Casualties and losses
- 16 killed 4 injured 1 missing: none

= Sanam ambush =

On December 25, 2019, Islamic State in the Greater Sahara (ISGS) militants attacked Nigerien forces in Sanam, Tillabéri Region, Niger.

== Background ==
Since the Islamic State in the Greater Sahara became an official province of the Islamic State in 2016, the insurgency between ISGS and the Nigerien government has polarized communities in western Niger's Tillabéri Region. The ISGS, predominantly composed of Fulani fighters, attacked Daoussahak Tuareg villages, prompting Daoussahak and other ethnic minorities in the region to ally themselves with the Mali-based GATIA and Movement for the Salvation of Azawad, themselves allied with the French Operation Barkhane.

== Ambush ==
At the time of the attack, the Nigerien soldiers were escorting electoral officials who had been helping residents register to vote when they were ambushed by ISGS fighters.
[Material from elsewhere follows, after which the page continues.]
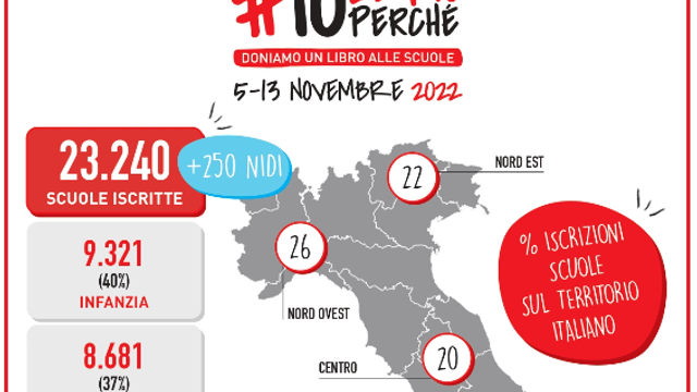 Numeri in costante crescita - Ben 23.240 le scuole che parteciperanno in tutta Italia - di cui 9.320 dell'infanzia, 8.681 delle primarie, 3.893 delle secondarie di primo grado e 1.345 delle secondarie di secondo grado -, per un numero complessivo di 189.229 classi e 3,8 milioni (per la precisione 3.770.529) di studenti. La distribuzione geografica delle adesioni ha segnato una omogeneità tra Nord, Centro e Sud e Isole dello Stivale: Nord Ovest 26%, Nord Est 22%, Centro 20%, Sud 22%, Isole 10%. Tra le regioni che spiccano per partecipazione, oltre alla Lombardia che si conferma la più attiva, si segnalano Emilia-Romagna, Piemonte, Sicilia, Puglia e Toscana. La partecipazione delle librerie è stata straordinaria con 3.275 punti vendita aderenti (rispetto alle 2.743 dell’anno scorso). Sulla piattaforma online www.ioleggoperche.it i gemellaggi attivati tra scuole iscritte e le librerie aderenti – il cuore del meccanismo che fa funzionare il progetto – sono ben 60.427 (rispetto ai 52.507 gemellaggi del 2021). Anche quest'anno sarà possibile l'acquisto da remoto (l'elenco delle librerie che rendono disponibile questo servizio è sul sito).

The Nigerien Ministry of Defense released scant details about the ambush, but in their statement mentioned that seven gendarmes and seven national guardsmen were killed "at the end of a fierce battle." Several people were injured and one was reported missing as well. By December 30, the death toll had risen to 16 killed, four injured, and one missing. The Nigerien Ministry of Defense also stated that several ISGS jihadists were killed as well, but did not release a number. They also reported that Sanam remained under the control of Nigerien forces. ISGS claimed responsibility through ISWAP on January 14, 2020.